© 2024 Arizent. All rights reserved.

Lendbuzz sets out to raise $187.9 million in auto ABS

Adobe Stock

Lendbuzz Funding is preparing to issue about $187.9 million in asset-backed securities, the third term securitization secured by vehicle retail installment sale contracts, from a company that is experiencing strong growth and raising capital from several channels.

Founded by migrant graduate school students who felt shut out of the consumer credit markets, Lendbuzz started making loans in 2015 to customers who have difficulty securing financing from traditional sources, like banks, credit unions and captive auto finance companies, according to Kroll Bond Rating Agency.

Goldman Sachs and J.P. Morgan Securities are the lead managers on the transaction, which will issue three classes of notes, according to the Asset Securitization Report's deal database. Illustrating the target customers' limited access to the credit markets, less than half of the underlying loans, 49.69%, were taken out by borrowers with a FICO score. Other than that the largest percentage of borrowers with a FICO score, 14.5%, had one of 660 or lower.
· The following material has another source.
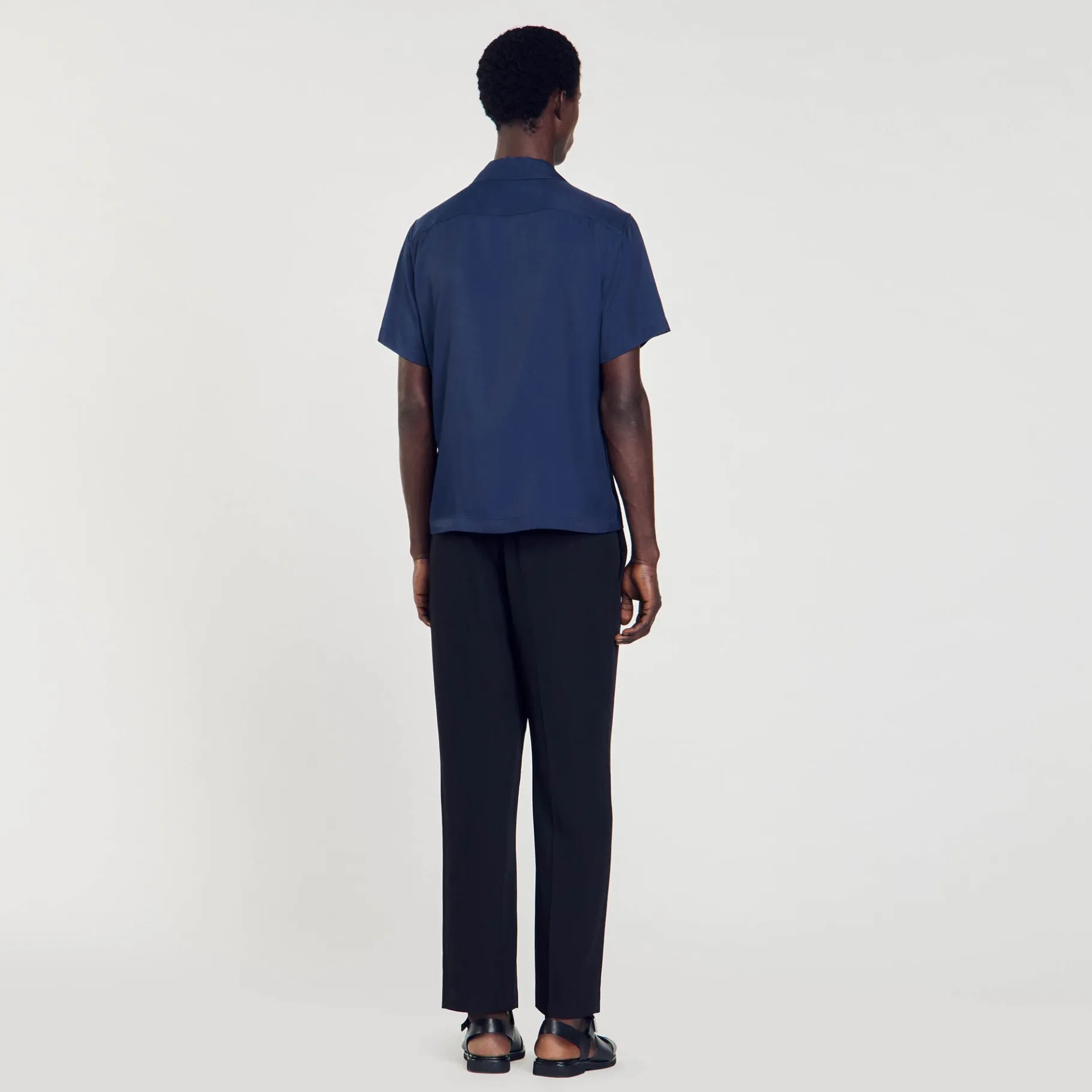 Camisa De Manga Curta Com Gola Italiana E Fecho De Botão.

A large majority of the loans, 89.26% financed the purchase of used vehicles, and borrowers had a weighted average loan-to-value ratio of 95.6%.   

KBRA noted several key changes to the transaction, LBZZ 2023-1 over the LBZZ 2022-1, particularly in its structure and collateral pool. For one, LBZZ 2023-1 has a reduced recovery rate assumption on the current transaction at 50%, compared with 56.7% on the LBZZ 2022-1, given deteriorating recovery trends and lower used vehicle values, according to KBRA. Borrowers have a higher weighted average (WA) FICO score of 693 at origination, compared with 678, and had a higher average balance of $28,278, over the $24,617 in the 2022-1 pool.

Lendbuzz uses a proprietary Artificial Intelligence Risk Analysis (AIRA) credit scoring system, and this time around there is a higher concentration of loans in the highest credit-scoring tier, 700+, according to KBRA.

Also, at a time when layoffs are picking up in the financial services industry, such as the mortgage lending market, Lendbuzz added 80 new employees from Q1 through Q3 2022. Originations increased 59% on a year-over-year basis, according to KBRA.

Credit enhancement consists of overcollateralization, subordination except for the class B notes, a reserve account funded at closing and excess spread.

KBRA expects to assign ratings of 'K1+' to the class A-1 notes; 'A+' to the class A-2 notes; and 'BBB+' to the class B notes.

Moody's expects to rate the A-2 notes 'A3' and the class B notes 'Baa3'.

The notes have a legal final maturities ranging from March 2024 to August 2029.